A more serious accusation for the serious crime-writer is that there is something faintly primitive about the villain, Ya Ru. Ya Ru is a man who “loved the shadows.” He is a cog within the cogs of the Communist Party. A man who looks down on the world from his high tower, keeping his hands clean while his flunkies undertake the dirty work. And yet, at the end of the piece, as his desire for revenge against those who have so brutally wronged his ancestors starts to consume him, we discover him in London, moving out of the shadows, exposing himself most strangely. His plan to get rid of Birgitta reads like something in an old Poirot novel, or Miss Marple, rather than in a modern, globalized thriller. Mankell tells us on the hush-hush that Ya Ru’s fiendish plot to kill her by slipping ground-up glass into her coffee cup while she is eating breakfast in a busy hotel is an “old, sophisticated Chinese method of killing people.”
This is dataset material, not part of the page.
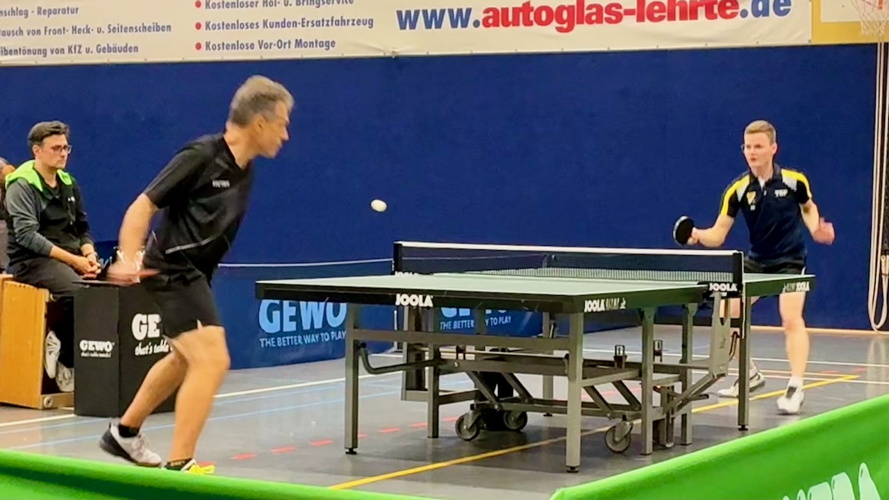 Puh! Das war mal knapp! Freitagabend mussten unsere Männer der 1. Herren beim Aufsteiger TTG Ilten / Rethmar antreten und taten sich mächtig schwer! Die Hausherren hatten den Ausfall eines Stammspielers zu verkraften, konnten das Duell aber lange Zeit auf Augenhöhe gestalten! Unsere beiden Til(l)s setzten sich erst im vierten Satz ab und brachten die Gäste mit 1:0 in Führung. Gunter und Marcus führten schon mit 2:0, um gleich zweimal knapp mit 9:11 zu verlieren. Auch der Entscheidungssatz blieb ausgeglichen, aber unsere beiden hatten mit dem 11:8 den längeren Atem. Im Auftakteinzel verlor Gunter gegen Iltens Spitzenspieler die ersten beiden Sätze, kam danach aber besser ins Spiel. Nach dem Anschluss ging es im vierten Satz in die Verlängerung, bis sein Gegner beim Stand von 12:13 einen Krampf bekam. Nachdem beide Spieler diesen Missstand beheben konnten, ging es weiter. Prompt versemmelte der Käpt’n den nächsten Punkt, womit die Hausherren auf 1:2 verkürzen konnten. Til machte es am Nachbartisch besser, auch wenn er den ersten Satz hergeben musste. Er erhöhte auf 3:1 für sein Team. Der andere Till kam zunächst überhaupt nicht mit seinem Gegner zurecht, der mit 2:0-Sätzen in Führung ging. Nach Abwehr mehrerer Matchbälle glich er aber mit dem 16:14 im vierten Satz aus. Im letzten Satz lief bei ihm leider nicht mehr viel zusammen, Ilten / Rethmar verkürzte erneut! Es blieb weiterhin eng, denn Marcus‘ klaren Dreisatzerfolg konterten die Gastgeber im Spitzenspiel: Auch Til musste sich dem heimischen Spitzenspieler in vier Sätzen beugen. Im Duell der Zweier sah es lange Zeit danach aus, als wenn die Hausherren zum Ausgleich kommen sollten. Gunter gab den ersten Satz klar her und konnte nur gerade so mit dem 12:10 ausgleichen. Den folgenden Satz holte sich wieder sein Gegner. Aber der Käpt’n stellte etwas um, und schon flutschte es: Mit zweimal 11:4 holte er sich das Match zum 5:3 für die Gäste! Die ersten beiden Sätze von Marcus verliefen noch eng, aber er wahrte seine weiße Weste und erzielte mit dem dritten Satz die endgültige Entscheidung zu Gunsten unserer Männer! Da wollte Till nicht nachstehen, der zwar den ersten Satz abgeben musste, danach aber besser ins Spiel kam. Mit drei knappen Sätzen in Folge stellte er am Ende auf 7:3 für die Hänigser, die einfach nur froh waren, dass sie das schwere Stück Arbeit hinter sich hatten! In der Tabelle wurden sie dafür belohnt: Mit 4:0 Punkten haben sie sich gleich mal an die Spitze der 2. Bezirksklasse gesetzt. Bereits am 26.09. geht es bei der TSG Ahlten III weiter. Das wird mit Sicherheit ein schwerer Gang!

Such clichéd writing is disappointing. And clichés are not limited to the plot and characters. They also infect the prose in the end; we hear: “if you want to make an omelet, you have to break an egg,” and “the devil is always in the details.” At times, as the writing becomes more and more clunky, Mankell should remember his own maxim, spoken through the mouthpiece of Birgitta: “Her pen seemed to her like a chain saw clearing the undergrowth in a forest, and she needed to be careful in case there was a young deer hiding in there.”
The Man from Beijing is ambitious, impassioned and brave, but it is also often unwieldy, awkward, and confusing. At one point in the novel, Birgitta describes watching a Jane Fonda movie and finding the plot “peculiar;” the same could be said here. And it is hard not to reach the conclusion that the book would have benefited from being kept on the leash, by retaining its initial focus. Perhaps by being properly contained by the red ribbon which could have so neatly tied everything together at the end, but didn’t. In a novel that explores the boundaries between political maneuverings and human rights, individual freedoms and state constraints, perhaps Mankell allowed himself the pleasure of too much freedom.